Metadata extractors locate and extract bibliographic metadata from articles preserved within an AU. The metadata is normally stored in a matadata database and can be used for a number of purposes, such as searching for an article based on a bibliographic citation.

Plugins must define an Article Iterator, which locates the files within the AU where metadata is located, and one or more Metadata Extractors. General purpose base classes are provided to plugins generally need to supply only plugin-specific behavior.

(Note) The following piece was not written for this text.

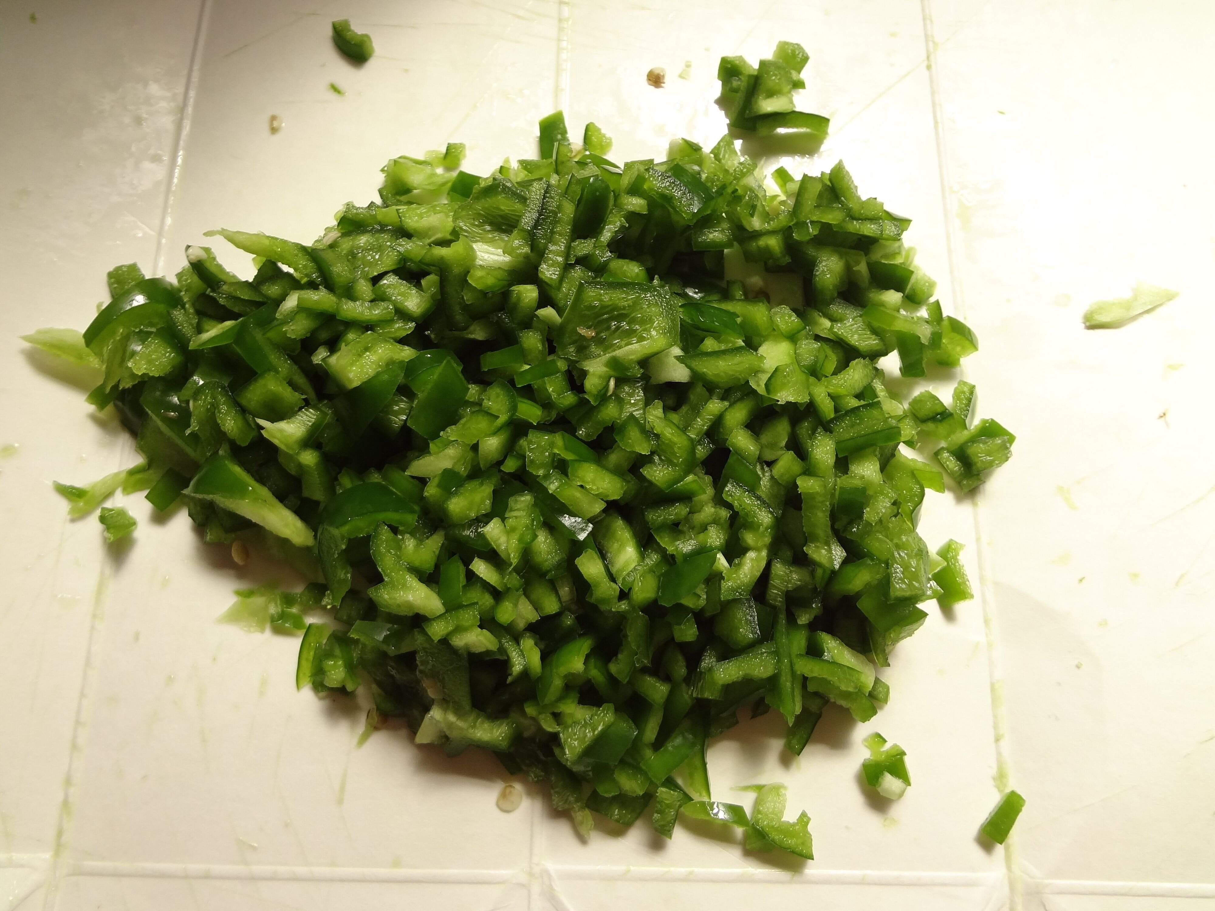 1.ピーマンはみじん切りにします。耐熱容器に入れてふんわりラップをかけ、電子レンジ600Wで1分加熱し水気を切っておきます。

plugin_article_iterator_factory 
Name of a class that implements org.lockss.plugin.ArticleIteratorFactory. The class should return an Iterator<ArticleFiles> pointing to the file(s) making up each "article" in the AU.
plugin_article_metadata_extractor_factory 
Name of a class that implements org.lockss.plugin.ArticleIteratorFactory. The class will be invoked on each ArticleFiles returned by the iterator, and should invoke a MIME type-specific metadata extractor on each relevant file.
plugin_default_article_mime_type 
MIME type of article files (e.g., application/pdf). Used only when the plugin's article iterator doesn't make this decision itself. [Not sure this is right.]
mime-type_metadata_extractor_factory_map 
A map of metadata type to the name of a class that implements org.lockss.extractor.FileMetadataExtractorFactory, which knows how to extract the specified type of metadata from files of the specified MIME type.
 <entry>
   <string>text/html_metadata_extractor_factory_map</string>
   <map>
     <entry>
       <string>*;DublinCore</string>
       <string>org.lockss.plugin.pion.PionHtmlMetadataExtractorFactory</string>
     </entry>
   </map>
 </entry>
 <entry>
   <string>application/ris_metadata_extractor_factory_map</string>
   <map>
     <entry>
       <string>*;RIS</string>
       <string>org.lockss.plugin.pion.PionRisMetadataExtractorFactory</string>
      </entry>
   </map>
 </entry>

Obsolescent

au_crawl_depth (I) 
Obsolescent name of au_refetch_depth.
au_manifest (S) 
Obsolescent name of au_permission_url.
<mime-type>_parser 
<mime-type>_filter 
Obsolescent link extractor & hash filter.